Crédito, Serviço de Investigação Criminal de Angola
- Author, Maria Jevstafjeva
- Role, Unidade Global de Desinformação da BBC
- Author, Ilya Barabanov & Investigations Team
- Role, BBC Rússia
- Author, Leandro Prazeres
- Role, BBC Brasil
Há 5 minutos
Tempo de leitura: 9 min
Dois russos devem ir a julgamento em Angola acusados de incitar protestos contra o governo, conduzir uma campanha de desinformação e tentar interferir na eleição presidencial do próximo ano.
Presos em agosto do ano passado, o consultor político Igor Ratchin e o tradutor Lev Lakshtanov enfrentam 11 acusações, incluindo terrorismo, espionagem e tráfico de influência.
A BBC obteve uma cópia da denúncia, que inclui acusações relacionadas a uma suposta operação com o objetivo de mudar o rumo político de Angola.
Os advogados dos russos contestam a denúncia, alegando que ela carece de "fatos concretos e objetivos".
Segundo a acusação, os russos atuaram em nome da Africa Politology, uma rede clandestina de operadores e agentes de inteligência na África que surgiu a partir do agora extinto Grupo Wagner, cujo fundador, Yevgeny Prigozhin, morreu em 2023 em uma queda de avião. Prigozhin era uma figura central na invasão russa da Ucrânia até se voltar contra lideranças do governo russo e liderar um motim em 2023, que durou menos de 24 horas.
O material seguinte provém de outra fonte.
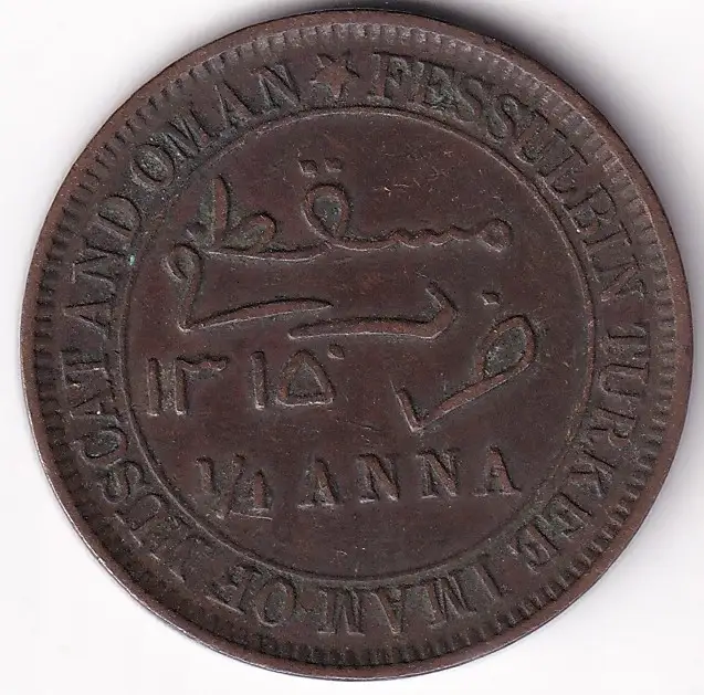 This is an old 1/4 Anna copper coin from Muscat and Oman, made in the year AH 1315 (which is 1898 in the Western calendar). On one side, it says “Fessul bin Turkee Imam of Muscat and Oman” in English and Arabic. It also shows the coin’s value (1/4 Anna) and the year it was made. The other side has more Arabic writing and a leaf design around the edge.
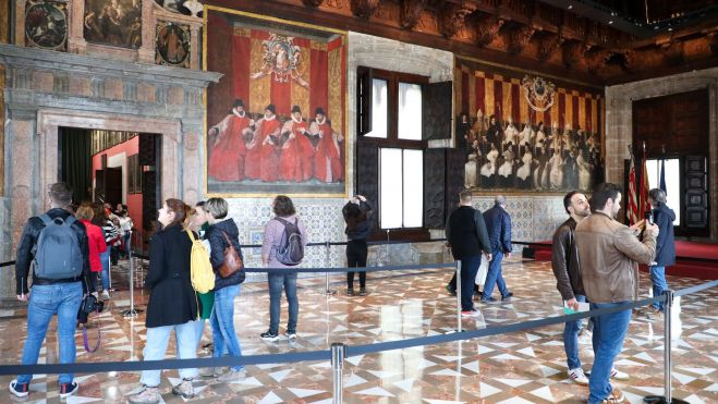 Además de la tradicional jornada de puertas abiertas que cada año invita a que la ciudadanía descubra el interior del Palau de la Generalitat, Mazón ha anunciado una gran novedad que tendrá lugar en esta emblemática ubicación. Se trata de una experiencia inmersiva en las obras pictóricas del histórico edificio: ‘El Tribunal de las Aguas de Valencia’, de Bernardo Ferrándiz, y ‘La Herida del Rey don Jaime en la Conquista de Valencia’, de Salvador Martínez Cubells.

Operadores políticos ligados ao grupo Wagner atuam em vários países africanos há mais de uma década, especialmente na República Centro-Africana, Mali e Madagascar.
A equipe de defesa dos dois russos acusados em Angola afirma que eles não têm ligação com a Africa Politology nem com o Grupo Wagner, não atuaram em nome do Estado russo e estavam, na verdade, cooperando para criar uma "Casa Russa" cultural em Luanda, capital da Angola.
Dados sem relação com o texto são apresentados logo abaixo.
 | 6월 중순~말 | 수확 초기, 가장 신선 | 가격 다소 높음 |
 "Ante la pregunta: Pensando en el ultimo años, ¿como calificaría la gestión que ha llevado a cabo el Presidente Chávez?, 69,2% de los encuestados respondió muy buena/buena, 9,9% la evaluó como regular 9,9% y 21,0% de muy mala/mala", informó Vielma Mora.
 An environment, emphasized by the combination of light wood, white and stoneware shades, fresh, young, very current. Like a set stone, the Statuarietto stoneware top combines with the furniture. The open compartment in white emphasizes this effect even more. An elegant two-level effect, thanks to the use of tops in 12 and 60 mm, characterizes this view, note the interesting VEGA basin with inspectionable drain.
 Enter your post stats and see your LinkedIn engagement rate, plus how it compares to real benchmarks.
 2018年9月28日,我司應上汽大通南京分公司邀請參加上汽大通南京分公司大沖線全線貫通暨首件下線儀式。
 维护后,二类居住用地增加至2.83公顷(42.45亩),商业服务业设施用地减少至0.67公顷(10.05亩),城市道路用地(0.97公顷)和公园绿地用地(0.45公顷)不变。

Angola é um dos principais produtores de petróleo do continente africano e exportador de diamantes. Seus recursos naturais e posição estratégica fazem do país um alvo de interesse contínuo da Rússia. Mas, embora as relações remontem à Guerra Fria (1945-1991), Angola vem se afastando gradualmente da esfera de influência da Rússia.

Crédito, Getty Images
A empresa russa de mineração de diamantes Alrosa e o banco VTB foram obrigados a deixar Angola devido às sanções internacionais impostas por causa da guerra na Ucrânia.
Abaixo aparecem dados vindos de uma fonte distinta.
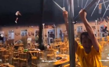 Καταιγίδα ξήλωσε τέντα σε εστιατόριο – “Πέταξαν” όσοι την κρατούσαν – [video]
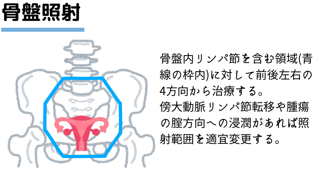 #8. 骨盤照射 骨盤内リンパ節を含む領域(青 線の枠内)に対して前後左右の 4方向から治療する。 傍大動脈リンパ節転移や腫瘍 の腟方向への浸潤があれば照 射範囲を適宜変更する。
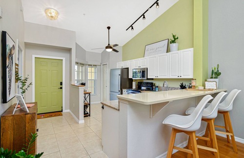 our 1100 sq/ft open concept retreat perfect for a relaxing getaway, or adventure packed vacation. Our home is filled with all the comforts of a 50" Smart TV, in main living area, 32" Smart TV in both bedrooms, kitchen fully equipped with new stainless steel appliances, coffee station, open concept living space. The vaulted ceiling, complements the indoor/outdoor living you will find in our home. Enjoy morning coffee or an evening glass of wine on your private screened in Lanai. Our third floor Condo provides a perfect view of the pool area from the comfort of your master suite queen bed. Our Condo has all the extras you would expect from our 5 Star Property. Board Games, cordless phone chargers, High Speed internet, Cable, work out equipment and much more.
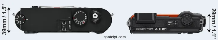 The physical size and weight of the Leica M10 and the Nikon W300 are illustrated in the side-by-side display below. The two cameras are presented according to their relative size. Three consecutive views from the front, the top, and the rear side are shown. All size dimensions are rounded to the nearest millimeter.
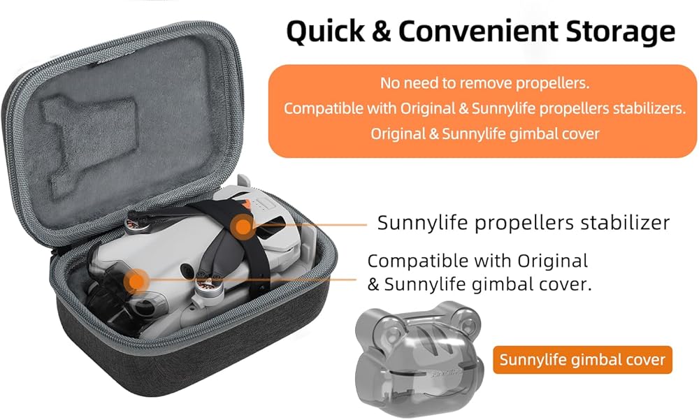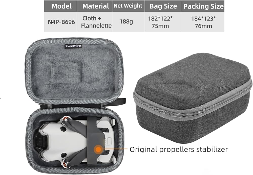 Designed for DJI Mini 4 Pro, Outer dimensions of Storage bag size: 7.16*4.80*2.95 in.Please measure your DJI drone model and check the size before ordering.
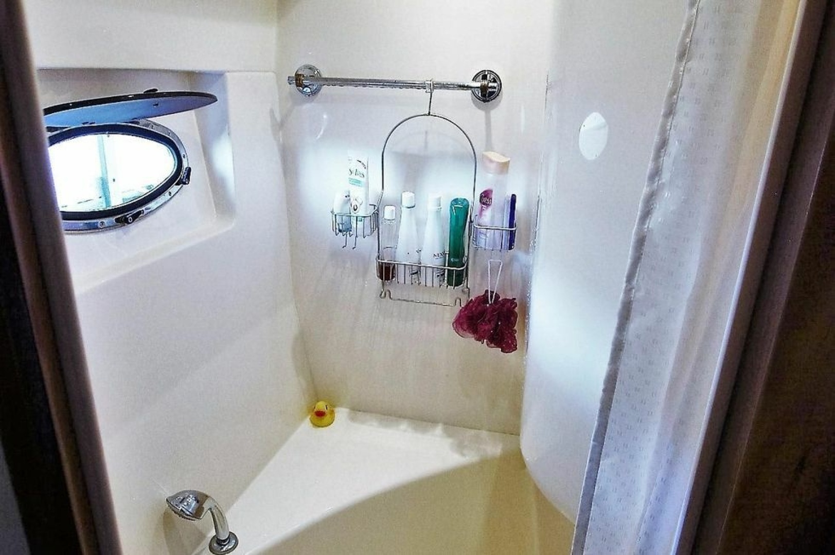 It is adjacent to a guest head (shared with the third stateroom), with a Vacu Flush head, a sink and vanity and a stall shower.
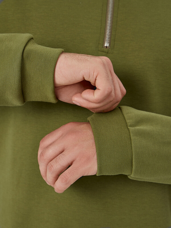 Длинные рукава дополнены эластичными манжетами, которые хорошо фиксируются на запястьях. Низ также оформлен эластичной резинкой. Внутренние швы обработаны хлопковой тесьмой, что предотвращает натирание и повышает долговечность вещи. Эта модель идеально подходит для повседневной носки и сочетается с любым денимом или брюками.
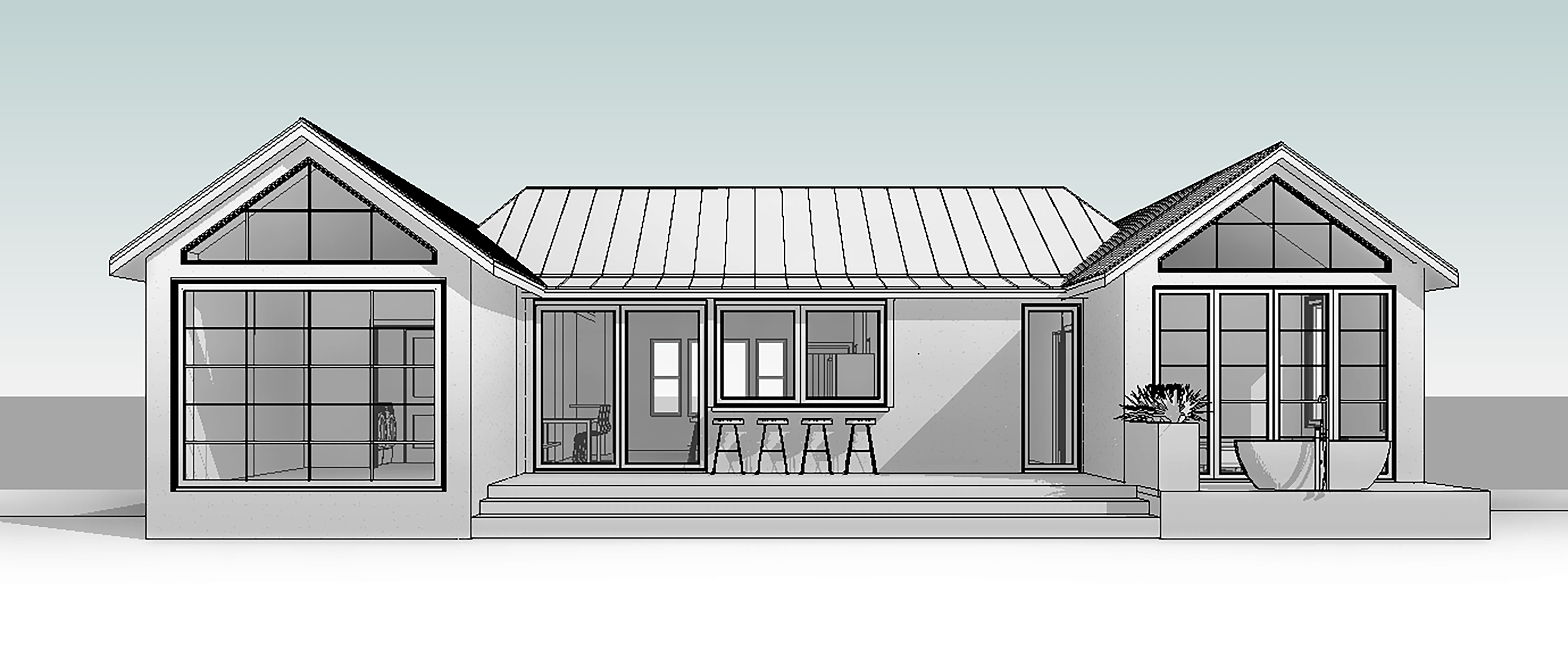exterior shot picture on the right is the existing property surrounding in the same view as the image that is being proposed image on the left is inspiration for the architecture of the proposed structure would like a golden hour render the stone on the left massing should be siding the stone on the right madding should be deck to match the middle deck finish

O presidente de Angola, João Lourenço, aproximou-se do Ocidente e não se reúne com o colega russo, Vladimir Putin, desde 2019.
Os operadores russos na África estariam de olho em Angola como uma nova frente, segundo a acusação.
"Isso indica a preocupação da Rússia com o rumo que Angola vem tomando sob a administração Lourenço", diz Alex Vines, diretor do programa África do think tank (centro de pesquisa e debates) European Council on Foreign Relations.
"Há claramente um elemento de desinformação russa para tentar aumentar a simpatia em relação à Federação Russa."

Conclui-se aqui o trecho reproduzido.